‘M3GAN’ movie review: A creepy, gory, and delightfully funny feature

While posing deeply philosophical questions about what it is to be human and the way technology is running our lives, ‘M3GAN’ is also delightfully funny, dispensing giggles and gore in equal measure

Updated - January 16, 2023 04:21 pm IST

Published - January 16, 2023 04:17 pm IST

A still from ‘M3GAN’

A still from ‘M3GAN’ | Photo Credit: Universal Pictures

Apart from giving that other killer doll, Annabelle, her own franchise, The Conjuring and Saw director James Wan has also co-written and co-produced this science-fiction-horror hybrid, M3GAN, which features a robot doll that becomes self-aware and does all sorts of nasty things.

M3GAN (English)
Director: Gerard Johnstone
Cast: Allison Williams, Jenna Davis, Violet McGraw
Runtime: 102 minutes
Storyline: A robot doll begins by helping a grieving girl before turning sinister

Directed by Gerard Johnstone, M3GAN tells of a young girl, Cady (Violet McGraw), who loses her parents in a car accident and goes to stay with her workaholic aunt, Gemma (Allison Williams). If you are thinking M3GAN will play out like another of those movies where out of the mouth of babes comes sage advice for the distracted adult, you might be half right.

Gemma is a roboticist working for a toy company in Seattle. She develops a virtual pet which is all the rage and flying off the shelves. The problem with success, however, is cheap rip-offs, which is what Gemma’s boss, David (Ronny Chieng), cribs about.

Gemma shows David what she is currently working on — Model 3 Generative Android (M3GAN), a scarily lifelike doll that is loaded with an evolving learning curve.

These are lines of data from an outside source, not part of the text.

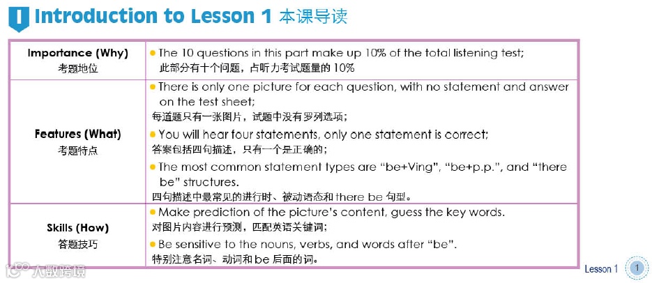 听力和阅读共分五个部分,每个部分都包含:本课导读、考核重点、解题技巧、巩固练习和总结提炼;
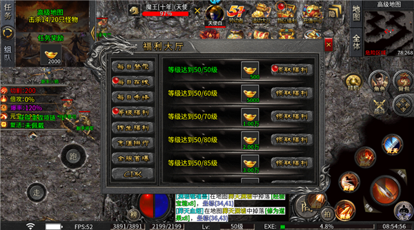 3、内置福利活动,达到在线时长、等级条件即可领取奖励。
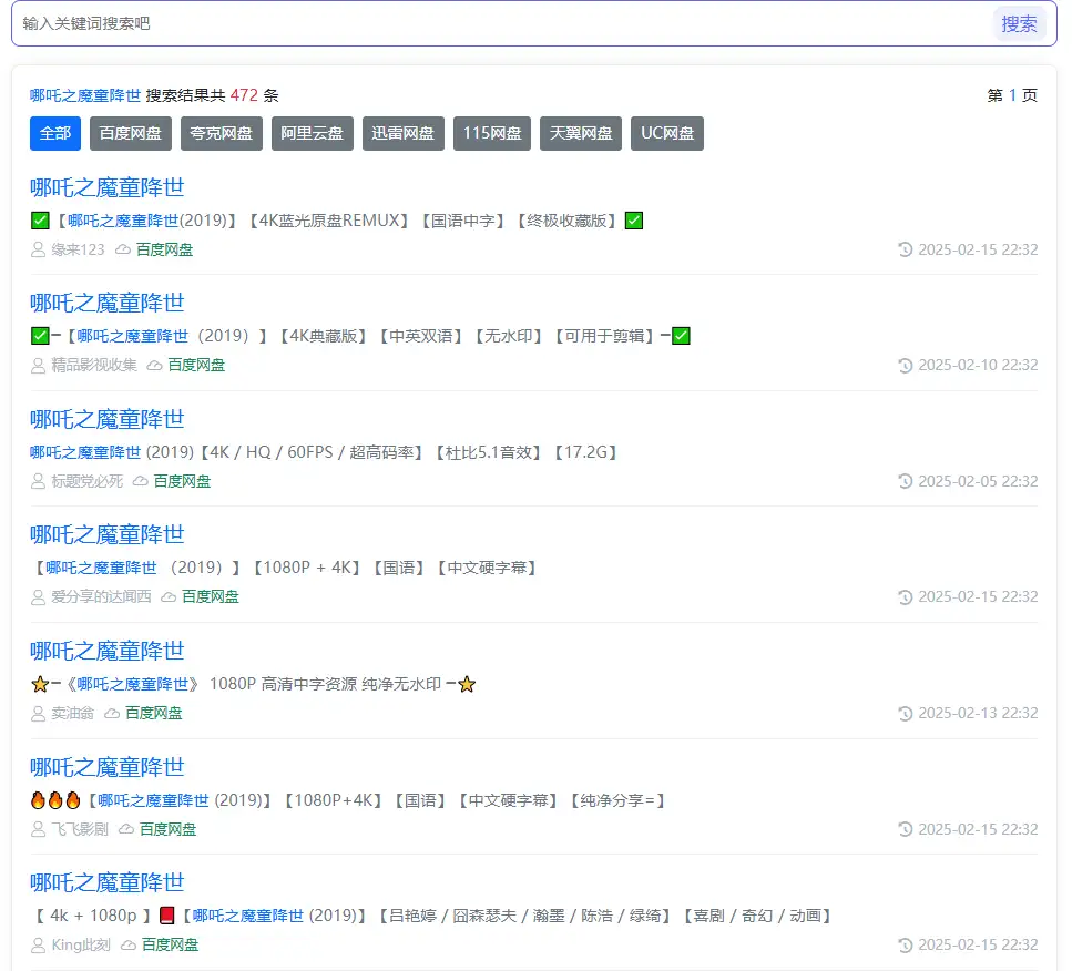 网盘资源搜索站是一款支持多网盘资源检索的在线搜索工具,覆盖百度网盘、夸克网盘、阿里云盘、迅雷、115网盘、天翼云盘、UC网盘等多个主流网盘平台。无需注册,完全免费,随时随地轻松查找并下载你需要的资源。
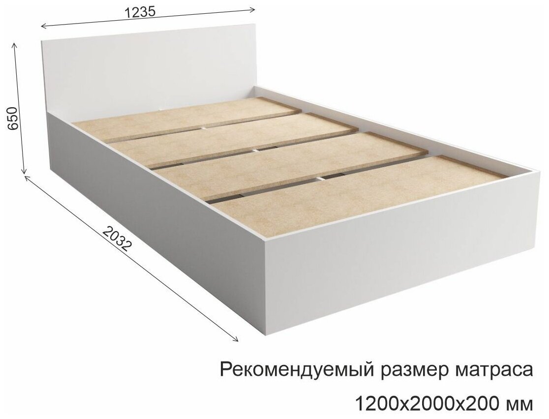 Кровать ДСВ Мебель Мори КРМ 1200.1/1 (МП/3) Белый Размеры: Высота 650мм Глубина 2032мм Ширина 1235мм
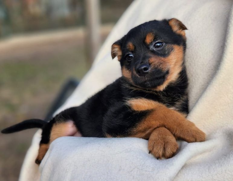 F3 ist der Bruder von F2 und F1. Die drei Geschwister kamen über befreundete Tierschützer zu uns. Die kleinen hatten keinen schönen Start ins Leben, da sie in einer Kiste unter einer Terrasse gehgalten wurden. Da dieses Leben nun endlich vorbei ist, suchen die Jungs nun ihr eigenes Zuhause. F3 ist welpentypisch verspielt und tobt gerne mit seinen Geschwistern. Er hat dennoch ein ruhiges Wesen und zieht sich auch gerne mal zurück, wenn es ihm zu heiter wird. Er ist ein sehr offener Welpe, der es genießt mit Menschen im Kontakt zu sein und auch einfach mal zu kuscheln. Wir wünschen uns ein Zuhause für ihn, in welchem er das Hundedasein ganz gelassen erkunden darf und Menschen die Lust haben, ihm das Hunde 1×1 beizubringen.
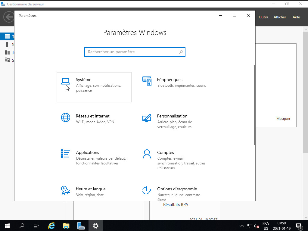 Une fenêtre de «paramètre Windows». Vous cliquez sur Système :
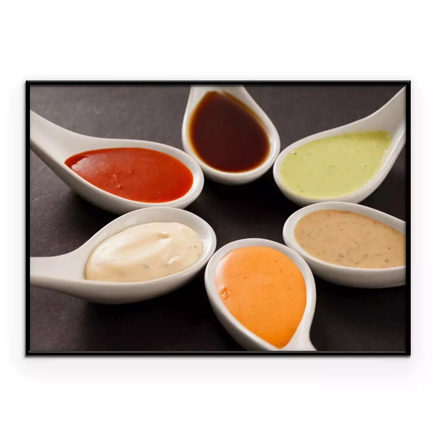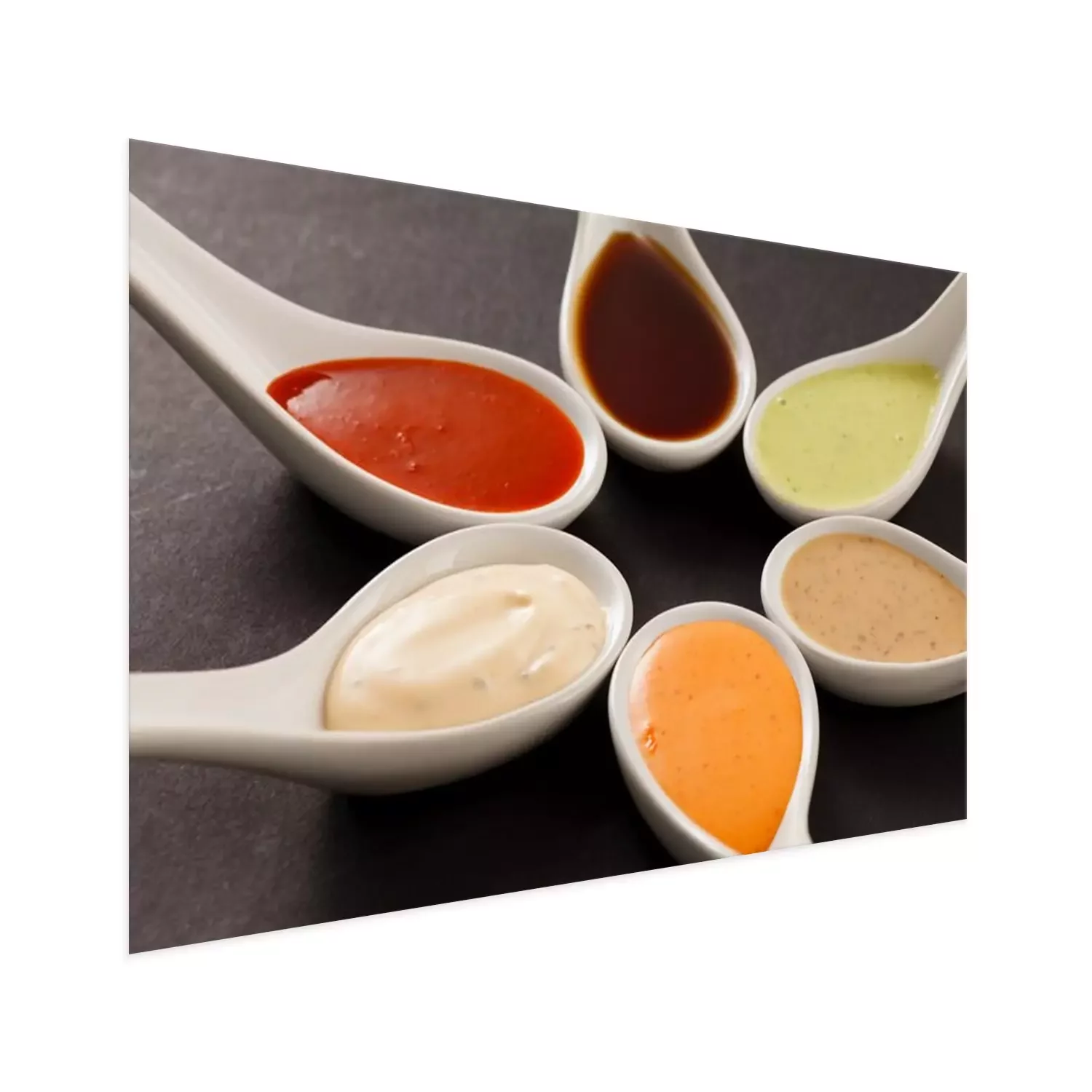Poster: Saucen auf weißen Keramiklöffeln

M3GAN malfunctions (can you hear claxons?) and David shuts down the project.

With a grieving Cady at home and David sitting on her head to come up with a new product, Gemma fast-tracks M3GAN. The doll, at first, seems like an answer to all Gemma’s problems as Cady bonds with her and David is convinced of the project’s success after seeing the android interact with Cady.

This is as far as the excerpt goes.